A subtle but interview-relevant point: the complexity Θ(|S| · T) is polynomial in |S|, but |S| itself may be exponential in the input size in bits.

Definition 13.1 (input size). The input size |x| is the number of bits to encode the instance. For Fibonacci, the input is the integer n, encoded in Θ(log n) bits.

Observation 13.2. The Fibonacci DP has |S| = n + 1 states, hence runs in Θ(n) arithmetic operations — but n = 2^{Θ(|x|)}, so it is exponential in the input size |x| = Θ(log n). This is pseudo-polynomial: polynomial in the numeric value n, exponential in its bit-length. (It is also worse than pseudo-polynomial once big-integer arithmetic is counted, since F(n) has Θ(n) digits.)

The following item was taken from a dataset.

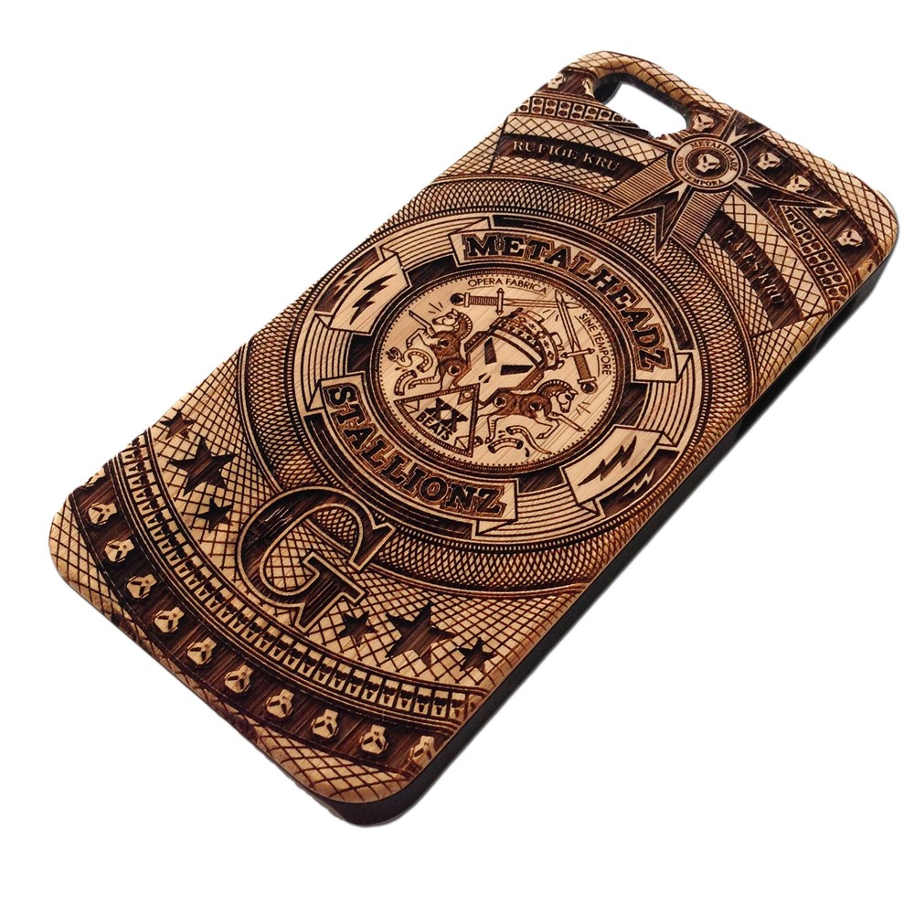 Slim, lightweight and highly durable limited edition Metalheadz 'Stallionz' iPhone 5 case in Bamboo. The cases has a matte black polycarbonate interior and surround. The back piece is solid wood, in Bamboo.
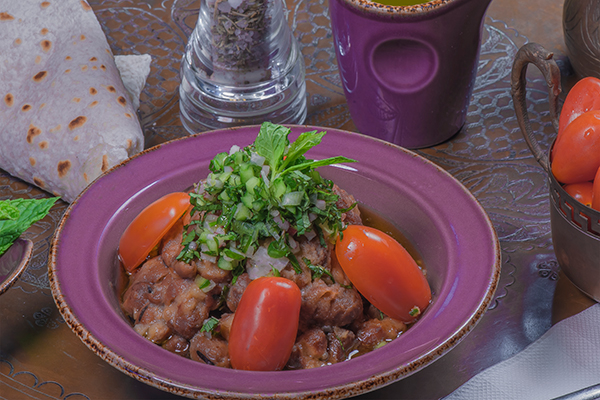 3. طريقة التقديم: ضعي الفول في طبق التقديم. افرمي الخضراوات فرماً ناعماً، واخلطيها سوياً، من ثم وزعيها وسط طبق الفول. اسكبي زيت الزيتون، وقدّمي هذا الطبق ساخناً، مع الخبز العربي.

Consequence. This is exactly why matrix exponentiation matters: it computes F(n) in Θ(log n) matrix multiplies = Θ(log n) operations on Θ(n)-digit numbers, polynomial in the input bit-length. The same phenomenon appears in 0/1 knapsack (O(n·W) is pseudo-polynomial in the capacity W), which is why knapsack is NP-hard despite a "polynomial-looking" DP.

Theorem 13.3. A DP whose state space size is polynomial in the numeric value of an input integer (not its bit-length) yields a pseudo-polynomial algorithm; it is genuinely polynomial only when |S| is polynomial in |x|. Memoization and tabulation share this property identically — the strategy does not change the complexity class, only the constants, stack usage, and which states are touched.

This places the memo-vs-table distinction precisely: it is an implementation choice within a fixed complexity class, never a route to a better class. Improving the class requires changing the state design (fewer/structured states) or switching tools (matrix power, FFT, convex-hull trick), topics layered on top of this one.

14. Topological Orders, Antichains, and Parallel Tabulation¶

Tabulation's correctness (Theorem 5.1) requires a topological order; it does not require a unique one. The freedom in choosing the order has both correctness and performance consequences.

Definition 14.1 (level / antichain). Partition S by longest-path distance from the base set: level(s) = ℓ iff the longest dependency chain from s to a base state has length ℓ (Definition 3.3). Each level is an antichain of G_D: no two states in the same level depend on each other.

Theorem 14.2 (level-order is topological). Processing states in nondecreasing level is a valid topological order, and within a level the states may be processed in any order — including simultaneously.

Proof. Every edge s → s' has level(s') < level(s) (a chain from s extends one from s'), so processing by increasing level places every dependency before its dependent. Within a fixed level there are no edges (antichain), so order is irrelevant and the values do not interfere. ∎

Corollary 14.3 (parallel tabulation). The states of one level can be evaluated in parallel; the DP's parallel depth equals the number of levels = L + 1 (the longest chain), and its work equals |S| · T. For the grid, level = r + c, so the R×C grid has R + C − 1 levels (anti-diagonals), each independently fillable — the basis of the classic anti-diagonal wavefront parallelization. Fibonacci has L = n levels of one state each, so it is inherently sequential (parallel depth Θ(n)): no parallelism is available, which is itself a structural fact about the recurrence.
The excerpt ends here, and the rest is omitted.